Hobby-hacking Eric


ssh control master

Made one useful bit of progress in the ssh control master stuff.

Before, I was having trouble with getting the control master running and out of the way. I didn't really know how to launch stuff in the background, so I basically forked the thing and polled the control master every 3 seconds to see if it was connected or not. But that was a really fragile setup, and sometimes, if I didn't type my password fast enough, I wouldn't be able to get a connection.

Tonight I have found a much simpler way to get the CM running: I just use the -f flag to make it go to background right before running the command, that is, only after it has completed the connection. This way, I don't need wait around polling, to see if the CM is running.

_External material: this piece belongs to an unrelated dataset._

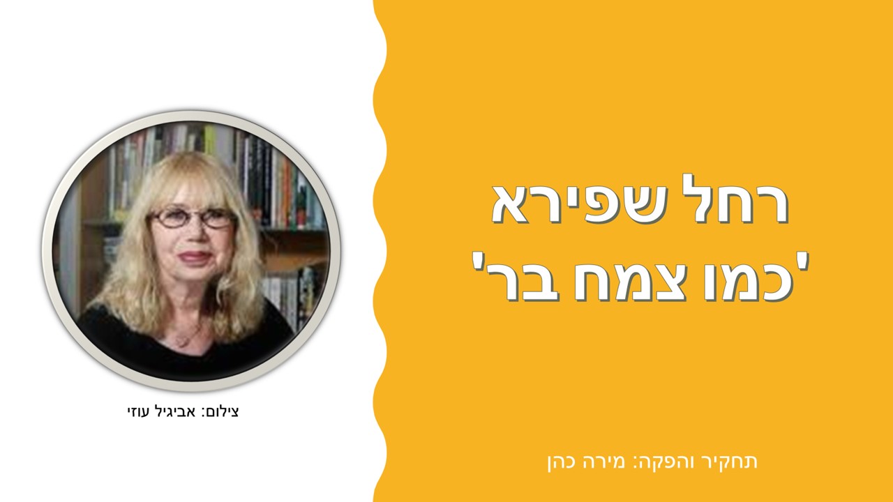 רחל שפירא כמו צמח בר רחל שפירא מוכרת לציבור בזכות שיריה המרגשים, המשקפים אהבה לארץ ישראל, לנופיה ולערכיה השיתופיים. היא מצליחה לזקק חוויות לאומיות כאובות ורב־ממדיות למילה אחת מדויקת, וכדבריה – "לברוא יופי מתוך הקושי".ביצירתה הענפה היא פורטת בעדינות וברגישות…

This is terribly embarrasing how much mysterious all this process stuff is to -- seems shameful to call myself a computer scientist and not at least have some basic notions of how operating systems work. I built a toy OS for school once, but that was a really long time ago. Anyway, it does seem to work. All I know is that the exec function is a piece of darcs-internal code that makes some FFI call to a thing called smart_wait. And I guess smart_wait is happy to return if the thing goes to background or something like that.

Anyway, I was scratching my head for a while as to why I could get darcs put to work, but not darcs get. Turns out that the -S flag to scp means something else than it does for ssh. But no fear, we can use -o ControlMaster instead. Ooh tired. Will have to save this for tomorrow. Something to look forward to. Killing this project at last.

cvs keywords

A self-described newbie posted a message on darcs-users asking if there was any CVS keyword type functionality. Not something I care very much about, but I did find it kind of useful back in the dark days of CVS. Maybe it could also be useful to have in darcs. Of course, there are reasons why this kind of thing doesn't make any sense for us -- we don't do versions -- but maybe something approximative might be good enough for everyday needs.